Your instructions:
Output range, inclusive: from the line containing "ProGaming Hercule Blue" to the line containing "Models of chromosome". Restate those lines from the data below word for word and only those.

Dataset records:
____________________
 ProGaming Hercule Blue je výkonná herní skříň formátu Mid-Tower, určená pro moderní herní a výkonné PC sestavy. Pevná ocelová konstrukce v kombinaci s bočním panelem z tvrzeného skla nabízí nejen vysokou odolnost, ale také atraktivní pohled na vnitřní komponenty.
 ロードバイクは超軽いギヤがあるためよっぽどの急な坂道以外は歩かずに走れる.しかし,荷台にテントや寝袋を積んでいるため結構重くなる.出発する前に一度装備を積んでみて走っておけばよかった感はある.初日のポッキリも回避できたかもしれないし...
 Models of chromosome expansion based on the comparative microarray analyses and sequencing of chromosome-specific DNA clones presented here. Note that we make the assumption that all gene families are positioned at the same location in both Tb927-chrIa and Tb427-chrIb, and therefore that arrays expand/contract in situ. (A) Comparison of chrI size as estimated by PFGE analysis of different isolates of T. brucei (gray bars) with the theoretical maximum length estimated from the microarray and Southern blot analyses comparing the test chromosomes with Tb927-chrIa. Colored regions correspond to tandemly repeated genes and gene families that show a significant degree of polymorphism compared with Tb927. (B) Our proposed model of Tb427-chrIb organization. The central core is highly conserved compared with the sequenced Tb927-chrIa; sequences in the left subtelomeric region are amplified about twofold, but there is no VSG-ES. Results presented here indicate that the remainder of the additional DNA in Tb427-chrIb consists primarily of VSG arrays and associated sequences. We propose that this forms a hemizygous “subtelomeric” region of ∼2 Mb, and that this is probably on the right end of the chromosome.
____________________
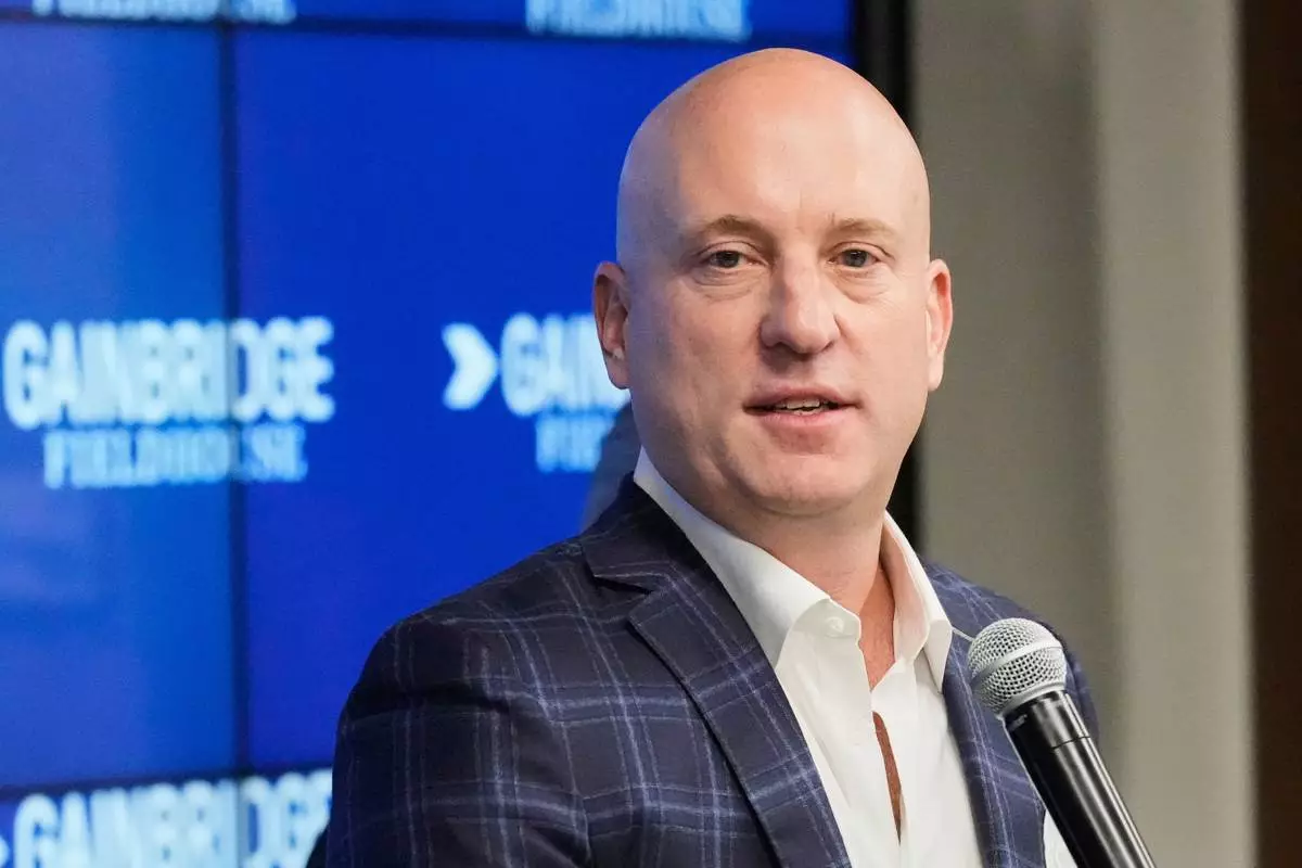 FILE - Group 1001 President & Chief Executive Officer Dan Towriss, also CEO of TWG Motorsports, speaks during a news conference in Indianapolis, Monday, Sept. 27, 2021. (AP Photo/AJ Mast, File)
____________________
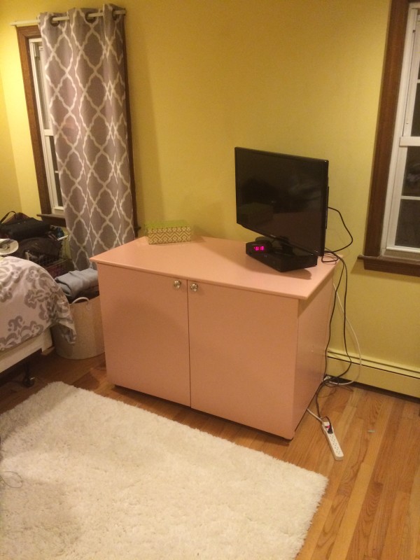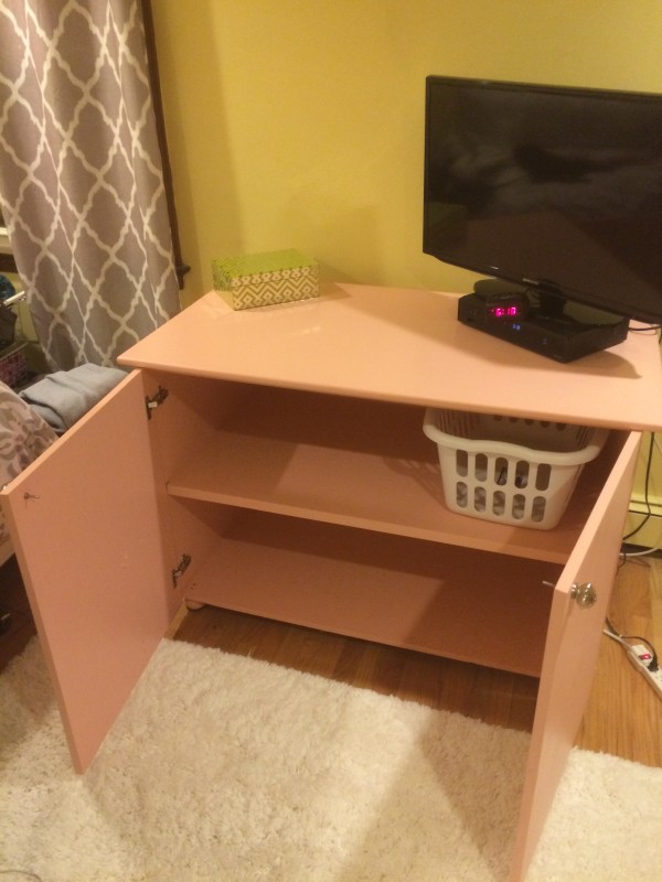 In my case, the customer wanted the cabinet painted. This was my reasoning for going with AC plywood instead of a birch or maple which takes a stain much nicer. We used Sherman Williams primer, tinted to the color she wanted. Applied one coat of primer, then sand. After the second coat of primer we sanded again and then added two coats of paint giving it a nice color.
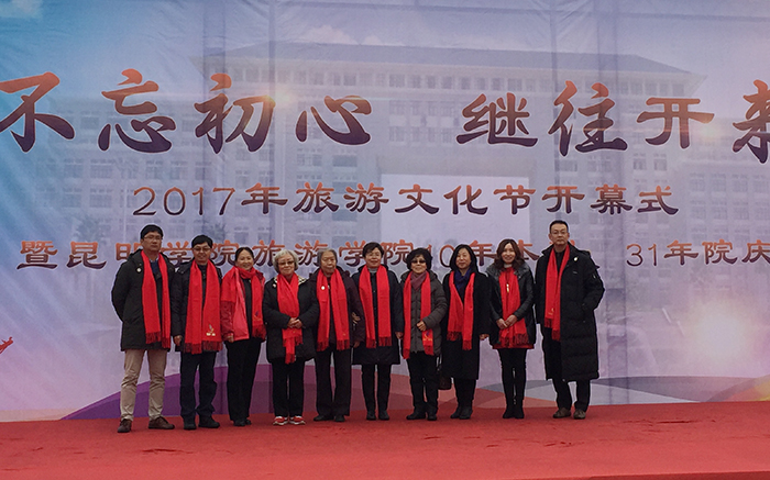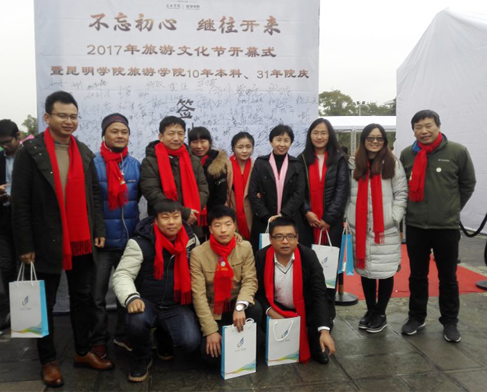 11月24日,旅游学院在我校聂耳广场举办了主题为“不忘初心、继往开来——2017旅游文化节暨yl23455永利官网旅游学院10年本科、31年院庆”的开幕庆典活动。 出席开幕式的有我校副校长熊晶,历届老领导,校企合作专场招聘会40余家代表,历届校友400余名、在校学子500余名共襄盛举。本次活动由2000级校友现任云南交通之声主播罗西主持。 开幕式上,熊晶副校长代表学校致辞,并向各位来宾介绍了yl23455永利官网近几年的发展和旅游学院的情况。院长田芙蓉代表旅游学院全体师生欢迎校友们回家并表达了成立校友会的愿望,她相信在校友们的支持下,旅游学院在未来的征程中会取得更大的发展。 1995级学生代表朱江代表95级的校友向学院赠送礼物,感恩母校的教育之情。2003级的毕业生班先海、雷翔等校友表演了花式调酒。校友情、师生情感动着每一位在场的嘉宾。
____________________
Output for this exercise:
 ProGaming Hercule Blue je výkonná herní skříň formátu Mid-Tower, určená pro moderní herní a výkonné PC sestavy. Pevná ocelová konstrukce v kombinaci s bočním panelem z tvrzeného skla nabízí nejen vysokou odolnost, ale také atraktivní pohled na vnitřní komponenty.
 ロードバイクは超軽いギヤがあるためよっぽどの急な坂道以外は歩かずに走れる.しかし,荷台にテントや寝袋を積んでいるため結構重くなる.出発する前に一度装備を積んでみて走っておけばよかった感はある.初日のポッキリも回避できたかもしれないし...
 Models of chromosome expansion based on the comparative microarray analyses and sequencing of chromosome-specific DNA clones presented here. Note that we make the assumption that all gene families are positioned at the same location in both Tb927-chrIa and Tb427-chrIb, and therefore that arrays expand/contract in situ. (A) Comparison of chrI size as estimated by PFGE analysis of different isolates of T. brucei (gray bars) with the theoretical maximum length estimated from the microarray and Southern blot analyses comparing the test chromosomes with Tb927-chrIa. Colored regions correspond to tandemly repeated genes and gene families that show a significant degree of polymorphism compared with Tb927. (B) Our proposed model of Tb427-chrIb organization. The central core is highly conserved compared with the sequenced Tb927-chrIa; sequences in the left subtelomeric region are amplified about twofold, but there is no VSG-ES. Results presented here indicate that the remainder of the additional DNA in Tb427-chrIb consists primarily of VSG arrays and associated sequences. We propose that this forms a hemizygous “subtelomeric” region of ∼2 Mb, and that this is probably on the right end of the chromosome.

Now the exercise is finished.